Bud climbs in the open kitchen window, rescues his suitcase from under the table, and goes out the back door to pre-set his suitcase on the back porch steps in case he needs to make a “quick getaway.” Bud lifts the double-barrel shotgun Mr. Amos keeps near the icebox and imagines shooting it in Todd’s room. He intends, however, to hide the gun on the back porch instead so that the Amoses cannot shoot it at him: “I felt a lot better when it was out of my hands” (33).

Bud fills a jelly jar with warm water and sneaks into Todd’s room, where he dips the sleeping boy’s hand into the jar to try to get Todd to wet the bed. It doesn’t work at first, but when Bud pulls the covers back and pours the warm water onto the front of Todd’s pajama pants, Todd “soak[s] his sheets!” (35) Bud leaves the Amos house with his suitcase, enjoying the thrill of running away.

Chapters 1-4 Analysis

The author establishes Bud’s character in these opening chapters through a series of events in which Bud goes from a passive acceptance of the foster care system to the more active pursuit of evading it. At 10, Bud has no choice but to go to the Amoses, despite a foreboding feeling that comes from having been through bad foster placements. Bud’s sense of empathy is well-developed for his age; although he worries for both himself and Jerry, he pretends for Jerry’s sake, indicating that he, Bud, is “[…] the one who’s going to have problems” (3). Bud also has no choice but to allow the Amoses to take his suitcase when he arrives, and silently stews when he sees that they opened it. Razor-toothed fish heads and hornets in the shed, however, are enough for Bud, and once he gets back at Todd, he leaves the Amos house before dawn.

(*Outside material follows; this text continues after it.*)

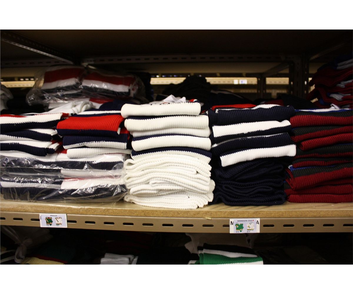 SHELF LOAD OF HOCKEY SOCKS; ONE PRICE FOR ENTIRE SHELF.
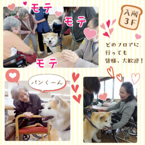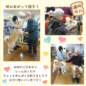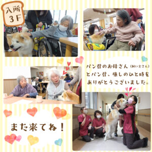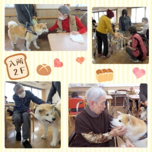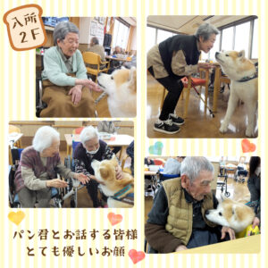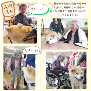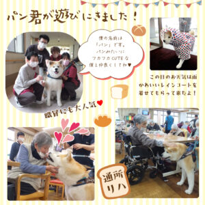 犬を飼われていたことを思い出しその頃一緒にいたワンちゃんの大きさや犬種お名前等を懐かしくお話してくださった方もいらしたりと、パン君が利用者様の普段見られない微笑みや優しいお顔を引き出してくれました。

Notably, this moment marks Bud’s stepping out of his “Ordinary World” of disappointing foster and orphanage care and marks the start of his adventurous quest.

Bud’s character traits are evident from his own interior monologue, especially his anecdotes and guidelines for “a funner life.” He shows a youthful fascination with the story of fellow orphan Bugs’ cockroach; this innocence is juxtaposed with the wise lessons Bud learns in his life as an orphan. For example, about fighting Todd, who is bigger and older, Bud thinks “Being this brave was kind of stupid” (13). He also realizes he can trick grown-ups by manipulating their ideas of what he thinks is important, as he states in Rule #118. Bud also demonstrates a naive openness to new situations and adventure, eagerly departing from the Amoses without a firm plan: “Man! I was on the lam, I was just like Public Enemy Number One” (35).